Jill Stark’s experience watching “The Flying Dutchman” at the Lyric Opera of Chicago in October was not just a visual delight; it was a sensory revolution. Stark, who is deaf, donned a groundbreaking innovation called the SoundShirt, allowing her to feel the opera’s sounds through haptic sensations transmitted by embedded microactuators in the fabric.

The SoundShirt, created by London-based wearable-tech brand CuteCircuit, wirelessly receives sound data captured by stage microphones and translates it into vibrations across the wearer’s torso and arms. For Stark, it was a transformative experience, highlighting the technology’s potential to create unique and immersive experiences for those with hearing loss.

This development is part of a broader trend in the entertainment industry, where wearable technology is creating immersive music experiences for a wider audience. The global wearable technology market is expected to reach a valuation of $931.31 billion by 2030, with the fifth-generation wireless technology, 5G, playing a crucial role in this growth. 5G’s low latency enables real-time experiences, a key requirement for wearable technology.

Francesca Rosella, the co-founder of CuteCircuit, emphasized the human connection achieved through sensation, aiming to provide an inclusive music experience for the deaf or hard of hearing. The SoundShirt comes in two versions: one for professional events, like orchestra performances, and a 5G-powered version available to the general public.
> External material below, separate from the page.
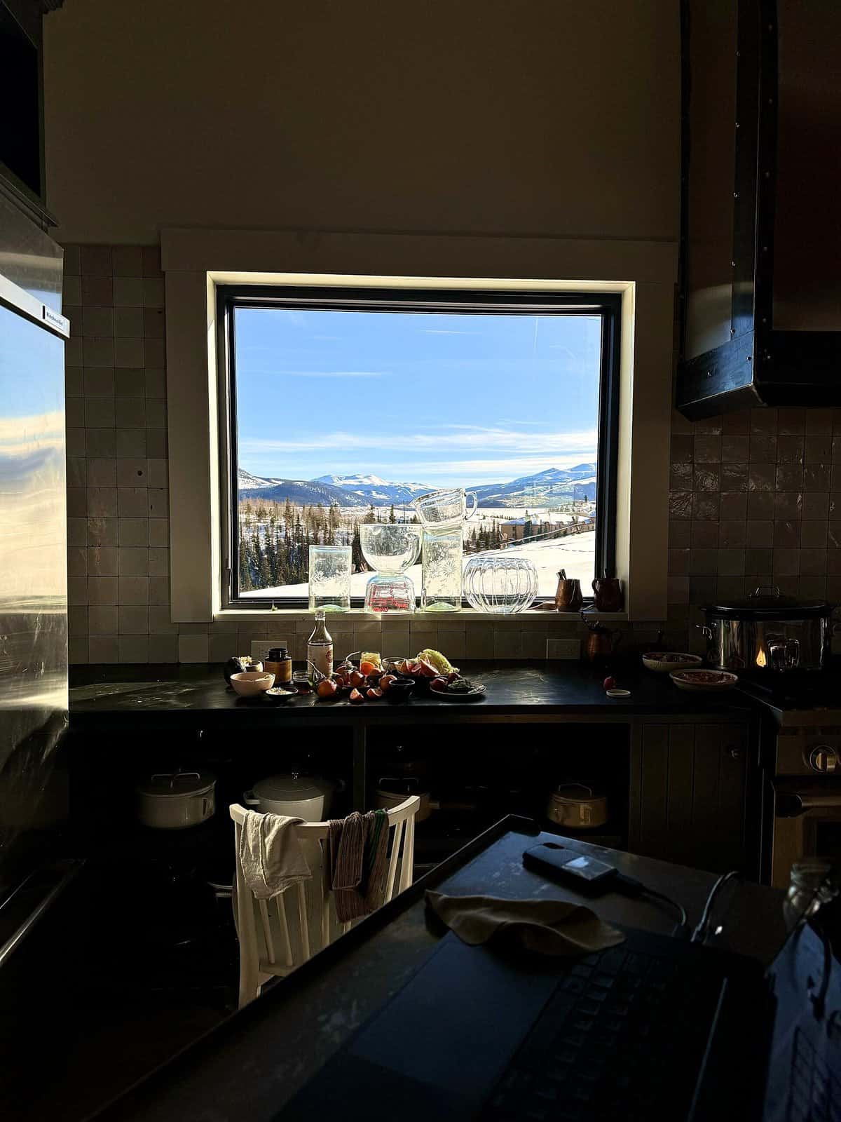 lovingโฆ. This is the coziest home. The photos are stunning, but the kitchen steals the show. I am obsessed with that island, itโs gorgeous. And the home as a whole is just so sweet, warm, and cozy โ a perfect winter escape to the mountains.

The SoundShirt pilot program, launched in collaboration with the Chicago Lyric Opera and the Mayor’s Office for People with Disabilities, aims to broaden the impact of live performances and enhance accessibility. Wearers, including Rachel Arfa, the office’s commissioner, praised the technology’s ability to enhance the overall experience.

5G’s low latency, around 20 milliseconds for the SoundShirt, is essential for its real-time functionality. This aspect distinguishes 5G from previous network generations, making it ideal for wearable technology. Experts believe that 5G will expand the capabilities of current wearables by boosting network speeds and reducing lag.

Projects like Music Not Impossible’s Vibrotextile, a haptic vest delivering vibrations across the body, are also incorporating 5G to enhance connectivity capabilities. Daniel Belquer, the co-founder of Music Not Impossible, emphasized bidirectional communication, enabling vests to transmit information back to music controls, creating a feedback loop for an immersive experience.

The integration of 5G into wearables will usher in a new era of personalized experiences, adjusting vibrations based on a user’s proximity to the stage and syncing with the show’s audio. This technology not only provides personalized experiences but also strengthens the sense of community, as users feel more connected through immersive and inclusive entertainment.